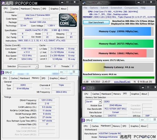 内存插槽方面Rampage III Extreme采用独有单边卡扣设计,方便用户安装,提供了红黑两色共6条DDR3内存插槽,支持三通道DDR3 2000/1600/1333内存,最大支持24GB容量,内存部分还提供了独立供电。
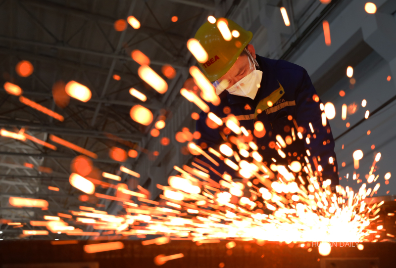 2月7日,衡阳市雁峰区特变电工衡阳变压器有限公司油箱车间,工人们在进行打磨作业。当天是春节假期后的首个工作日,该公司工作人员全员到岗,开足马力争取生产开门红。曹正平 马松伟 摄影报道
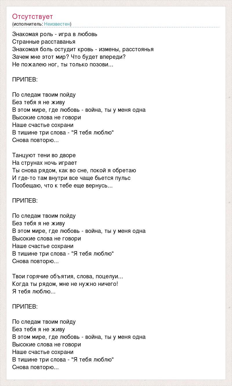 Знакомая роль - игра в любовь Странные расставанья Знакомая боль остудит кровь - измены, расстоянья Зачем мне этот мир? Что будет впереди? Не пожалею ног, ты только позови... ПРИПЕВ: По следам твоим пойду Без тебя я не живу В этом мире, где любовь - война, ты у меня одна Высокие слова не говори Наше счастье сохрани В тишине три слова - "Я тебя люблю" Снова повторю... Танцуют тени во дворе На струнах ночь играет Ты снова рядом, как во сне, покой я обретаю И где-то там внутри все чаще бьется пульс Пообещаю, что к тебе еще вернусь... ПРИПЕВ: По следам твоим пойду Без тебя я не живу В этом мире, где любовь - война, ты у меня одна Высокие слова не говори Наше счастье сохрани В тишине три слова - "Я тебя люблю" Снова повторю... Твои горячие объятия, слова, поцелуи... Когда ты рядом, мне не нужно ничего! Я тебя люблю... ПРИПЕВ: По следам твоим пойду Без тебя я не живу В этом мире, где любовь - война, ты у меня одна Высокие слова не говори Наше счастье сохрани В тишине три слова - "Я тебя люблю" Снова повторю...

[Assignment]
Recopy the full listing exactly, passing over any picture.

[Written reply]
 内存插槽方面Rampage III Extreme采用独有单边卡扣设计,方便用户安装,提供了红黑两色共6条DDR3内存插槽,支持三通道DDR3 2000/1600/1333内存,最大支持24GB容量,内存部分还提供了独立供电。
 2月7日,衡阳市雁峰区特变电工衡阳变压器有限公司油箱车间,工人们在进行打磨作业。当天是春节假期后的首个工作日,该公司工作人员全员到岗,开足马力争取生产开门红。曹正平 马松伟 摄影报道
 Знакомая роль - игра в любовь Странные расставанья Знакомая боль остудит кровь - измены, расстоянья Зачем мне этот мир? Что будет впереди? Не пожалею ног, ты только позови... ПРИПЕВ: По следам твоим пойду Без тебя я не живу В этом мире, где любовь - война, ты у меня одна Высокие слова не говори Наше счастье сохрани В тишине три слова - "Я тебя люблю" Снова повторю... Танцуют тени во дворе На струнах ночь играет Ты снова рядом, как во сне, покой я обретаю И где-то там внутри все чаще бьется пульс Пообещаю, что к тебе еще вернусь... ПРИПЕВ: По следам твоим пойду Без тебя я не живу В этом мире, где любовь - война, ты у меня одна Высокие слова не говори Наше счастье сохрани В тишине три слова - "Я тебя люблю" Снова повторю... Твои горячие объятия, слова, поцелуи... Когда ты рядом, мне не нужно ничего! Я тебя люблю... ПРИПЕВ: По следам твоим пойду Без тебя я не живу В этом мире, где любовь - война, ты у меня одна Высокие слова не говори Наше счастье сохрани В тишине три слова - "Я тебя люблю" Снова повторю...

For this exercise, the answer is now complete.